:: Task input ::

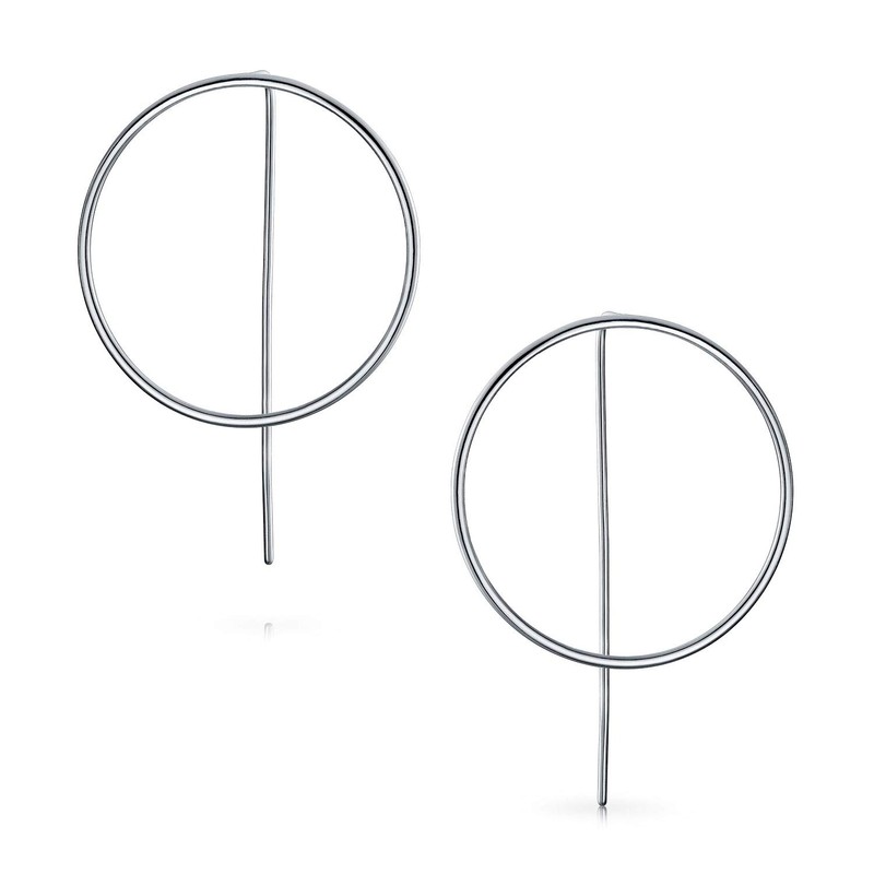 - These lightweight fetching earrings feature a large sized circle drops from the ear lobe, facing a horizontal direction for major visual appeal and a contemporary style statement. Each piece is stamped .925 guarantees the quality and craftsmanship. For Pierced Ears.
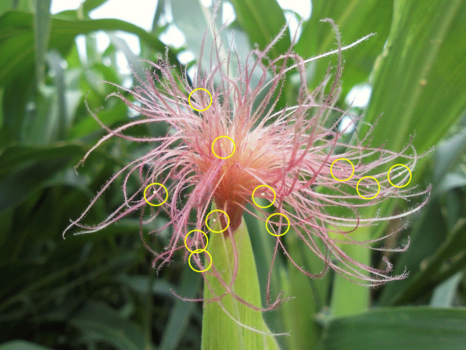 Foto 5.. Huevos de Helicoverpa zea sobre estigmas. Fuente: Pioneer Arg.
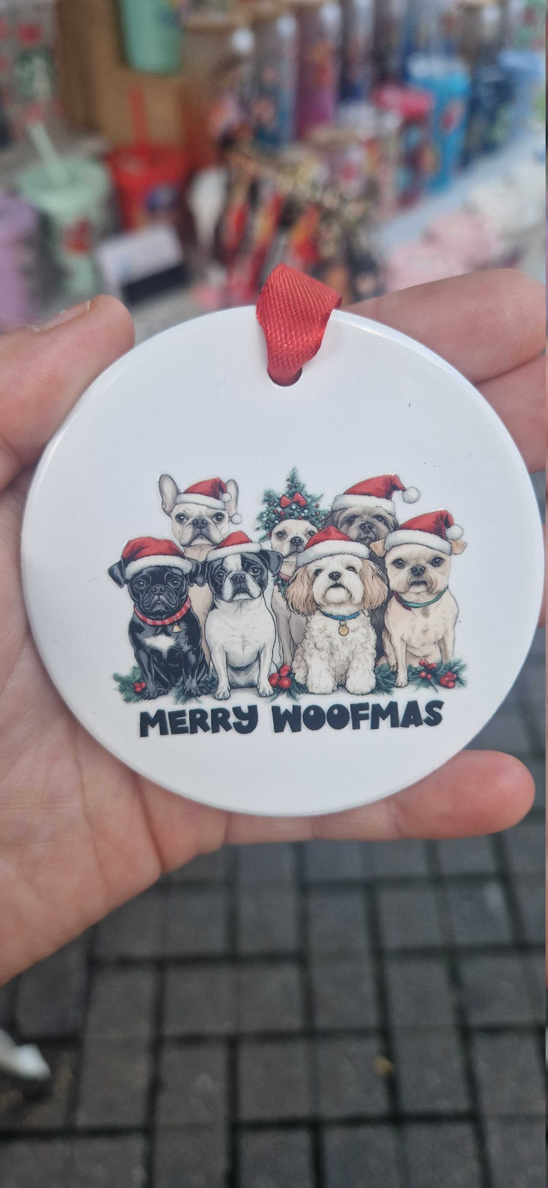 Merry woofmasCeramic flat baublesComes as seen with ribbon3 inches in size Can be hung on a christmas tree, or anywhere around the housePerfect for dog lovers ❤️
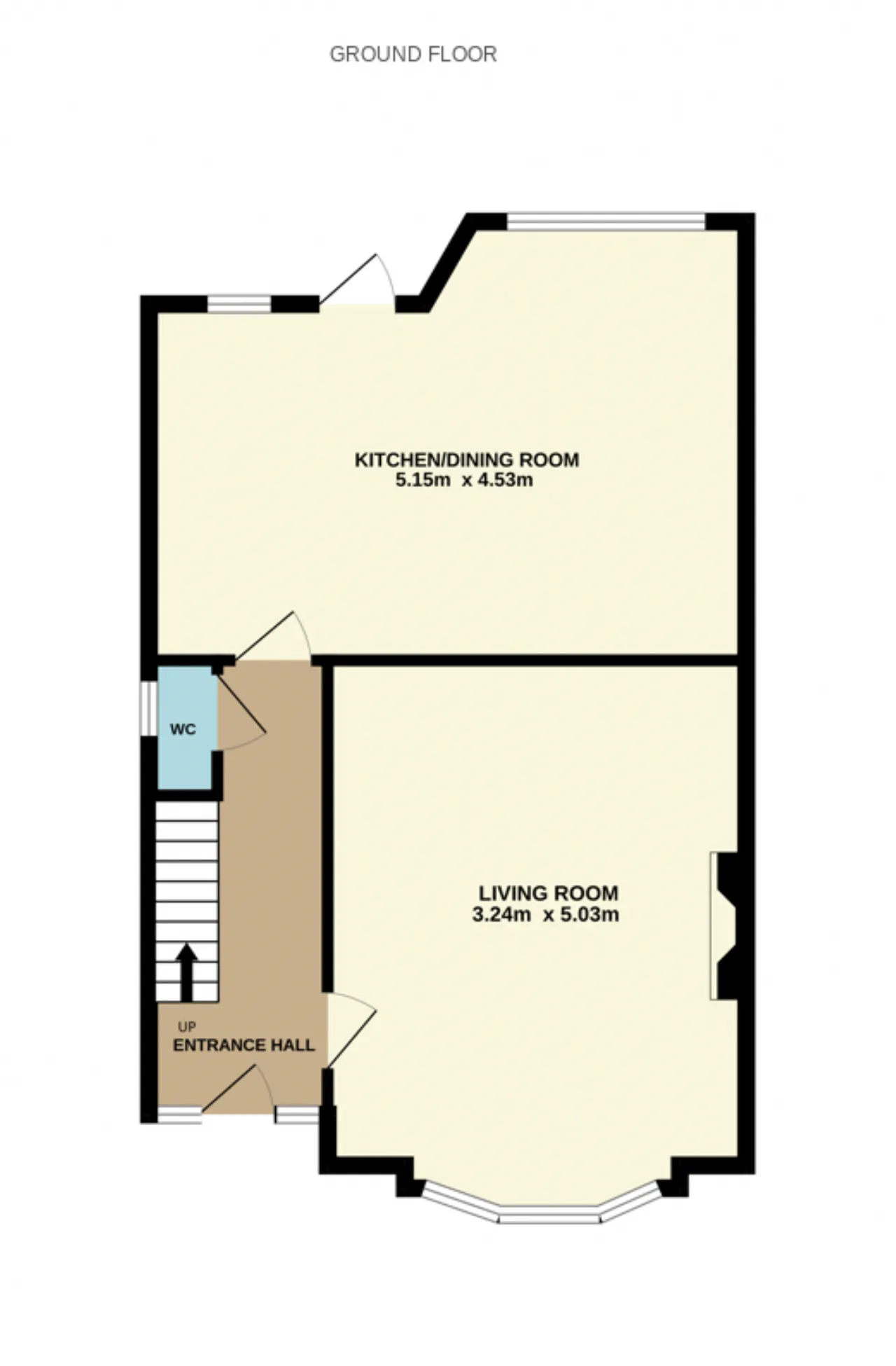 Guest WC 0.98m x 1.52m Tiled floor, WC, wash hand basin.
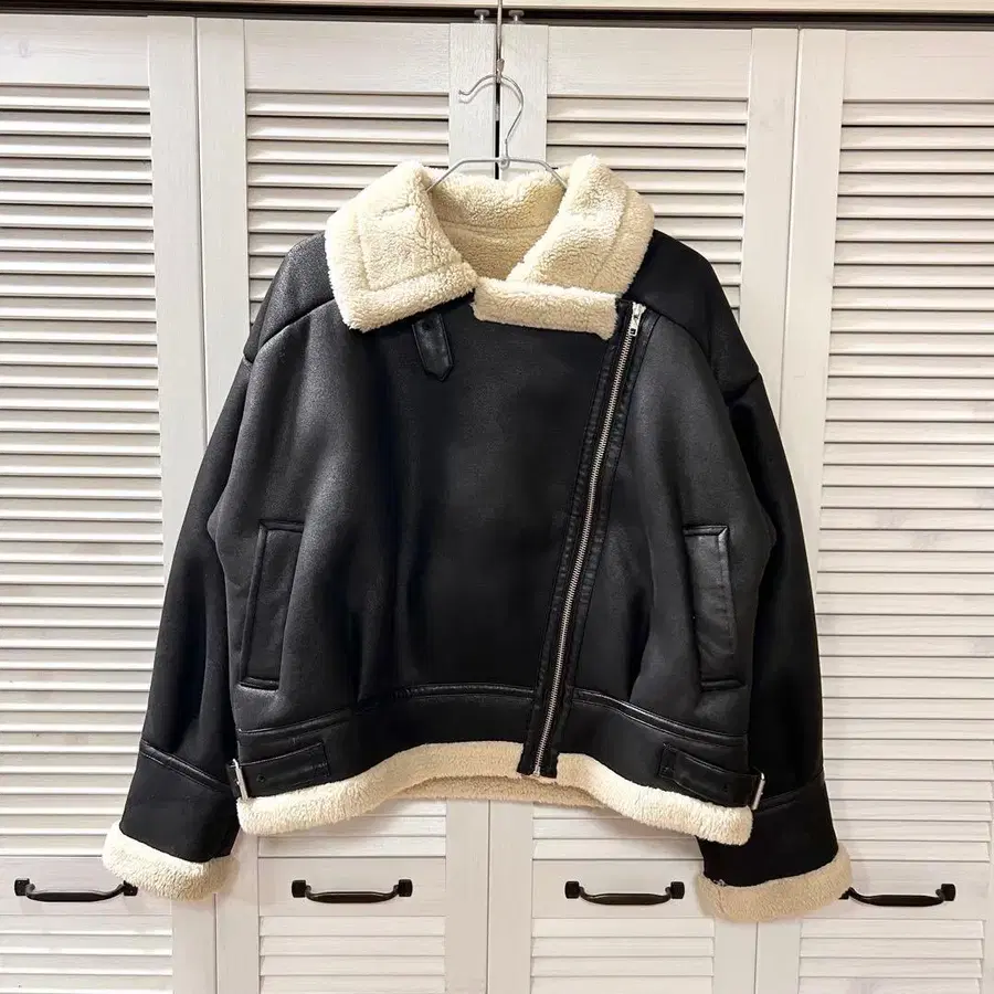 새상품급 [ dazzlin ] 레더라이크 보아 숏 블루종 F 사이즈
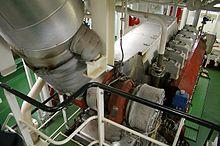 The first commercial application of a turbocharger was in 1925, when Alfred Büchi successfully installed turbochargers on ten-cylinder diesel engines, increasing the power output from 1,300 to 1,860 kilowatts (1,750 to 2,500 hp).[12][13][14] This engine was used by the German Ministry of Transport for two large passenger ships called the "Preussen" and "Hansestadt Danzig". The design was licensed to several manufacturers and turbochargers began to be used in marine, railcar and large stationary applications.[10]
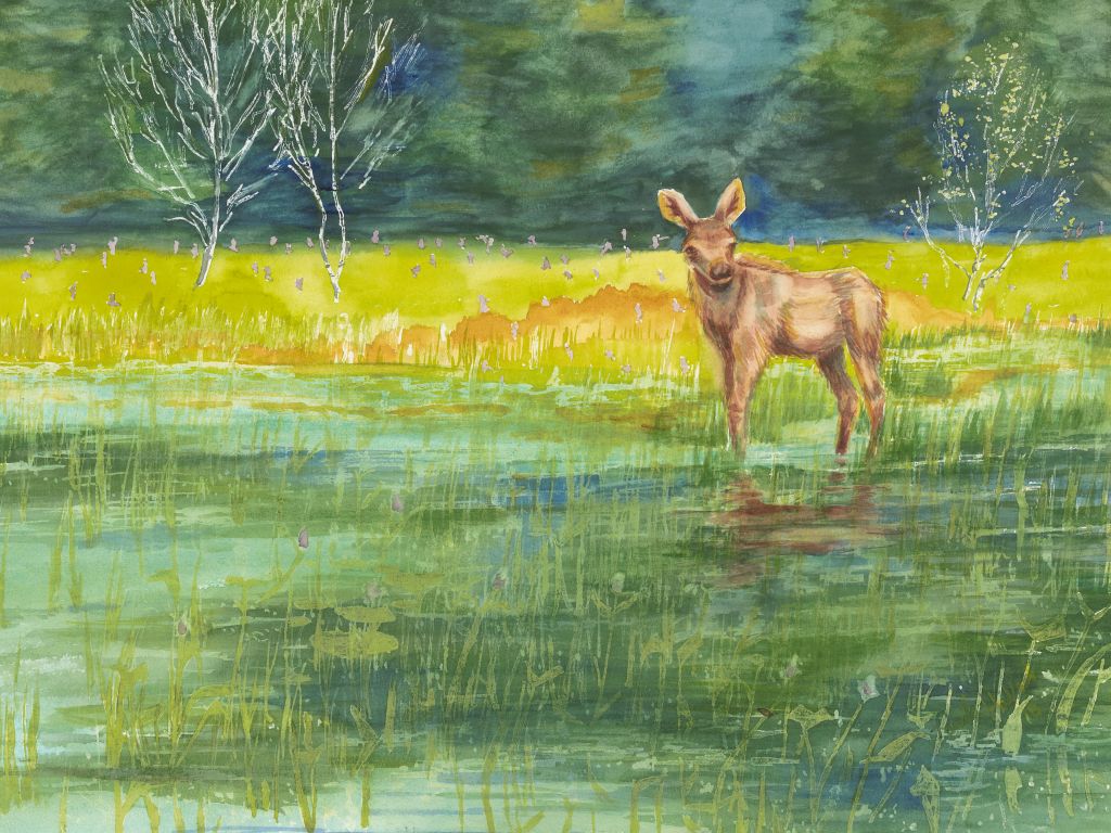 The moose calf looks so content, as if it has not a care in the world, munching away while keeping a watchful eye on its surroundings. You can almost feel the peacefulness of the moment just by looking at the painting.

:::

*Task to complete:* Repeat the lines exactly as they stand, from the opening line of the data through the line with "새상품급 [ dazzlin ] 레더라이크 보아 숏 블루종 F 사이즈". Pictures stay out of the copy.

*Response to this exercise:*
 - These lightweight fetching earrings feature a large sized circle drops from the ear lobe, facing a horizontal direction for major visual appeal and a contemporary style statement. Each piece is stamped .925 guarantees the quality and craftsmanship. For Pierced Ears.
 Foto 5.. Huevos de Helicoverpa zea sobre estigmas. Fuente: Pioneer Arg.
 Merry woofmasCeramic flat baublesComes as seen with ribbon3 inches in size Can be hung on a christmas tree, or anywhere around the housePerfect for dog lovers ❤️
 Guest WC 0.98m x 1.52m Tiled floor, WC, wash hand basin.
 새상품급 [ dazzlin ] 레더라이크 보아 숏 블루종 F 사이즈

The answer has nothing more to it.